Logan sighed, his tense shoulders slumping as he resisted the urge to lay his head on the table.
"I don't know."
"I think you do."
He moved his jaw, masticating the tangled thoughts for a long time before they turned into usable words.
"I have school in a few days."
"Yes, you do."
Logan fidgeted in his chair.
"I don't know."
"What don't you know?"
"I don't know. I don't know."
Deep breaths.
In.
Hold.
Out.
"Hey, try to calm down," Janus advised. "And don't worry. You're going to be fine- you have me and our parents to help you if you need it, as well as your therapist. And you picked a class you're interested in, so it won't be so bad, right?"
"I don't know."
"It'll be fine. You'll be fine."
Logan bit his cheek.
"What if I'm not?"
Janus took a long, thoughtful sip of his tea.
"Well, do you want to delay going back to school?"
He couldn't.
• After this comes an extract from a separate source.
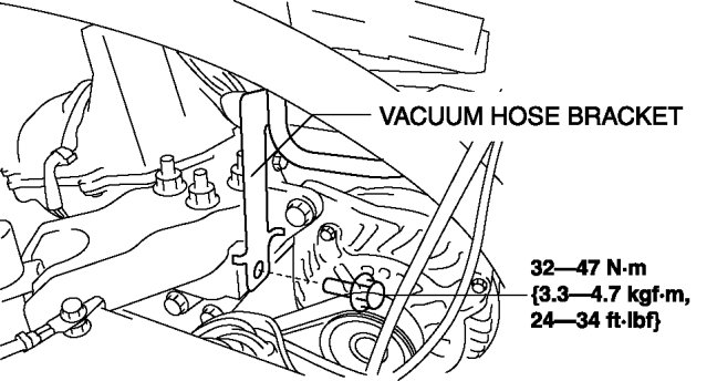 6. Remove the vacuum hose bracket installation bolt, then set the vacuum hose bracket out of the way.
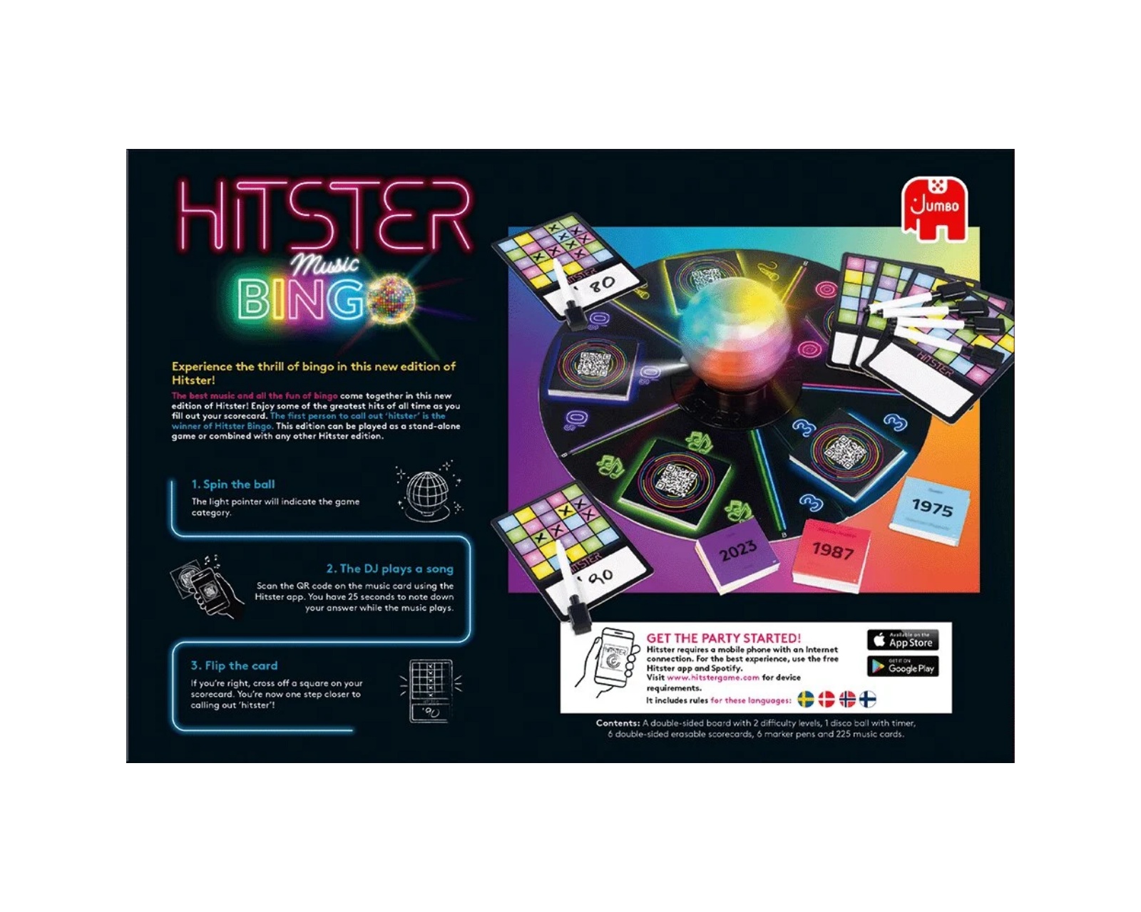 Hitster Bingo Nordic är ett brädspel som kombinerar musik med spelmoment och är avsett för en bred publik. I denna variant snurrar spelarna på en discokula för att avslöja kategorier. Spelarna skannar kort och gissar olika musikrelaterade frågor, såsom årtionden, sångare eller band, samt exakta årtal eller huruvida låtarna är före eller efter 2000-talet. För att vinna ska en spelare fylla en rad eller kolumn med de fyra kategorierna.Spelet inkluderar 225 musikkort, en disco kula, en timer med färgade lampor samt sex Wipe-Off boards med pennor för markering. Genom den kostnadsfria Hitster-appen får spelare ytterligare stöd och möjligheter att engagera sig i spelet. Spelet är designat att förena musikälskare och förse dem med underhållning över flera spelomgångar.

Logan knew he couldn't. If he pushed back taking classes to the fall, he'd either have to pay for a dorm or live with his grandparents (who lived an hour away from his school by car and didn't have a bus route that could bring him there). Really, this online class was his only option.
He shook his head.
"Are you sure? If you're not ready, you don't have to go back yet. No one's giving you a deadline for feeling better."
Except he did have a deadline. The latest he could return to classes was the fall semester. If he waited until spring or later, he'd have to contact the dean's office and pay a fee to be reinstated as a student, and he really didn't have any idea of how complicated that was. He'd rather avoid finding out.
"I know," Logan sighed. "I just don't want to fail."
"You won't fail."
"You don't know that."
"Really? How many classes have you failed?"
Logan grimaced.
"I mean, none, but that doesn't mean I won't," he replied. "I only passed some of my classes by luck, and I would have failed my classes if…"
Janus sighed.
"Yes, you probably would have failed if you stayed," he admitted. "But you didn't stay. You came home and took care of your mental health, and now you'll be able to finish your classes and graduate. You did the best thing you could have done."
The words were supposed to be kind, reassuring. Janus wasn't being mean to him. And yet, Logan still felt them sting as they slipped into his brain.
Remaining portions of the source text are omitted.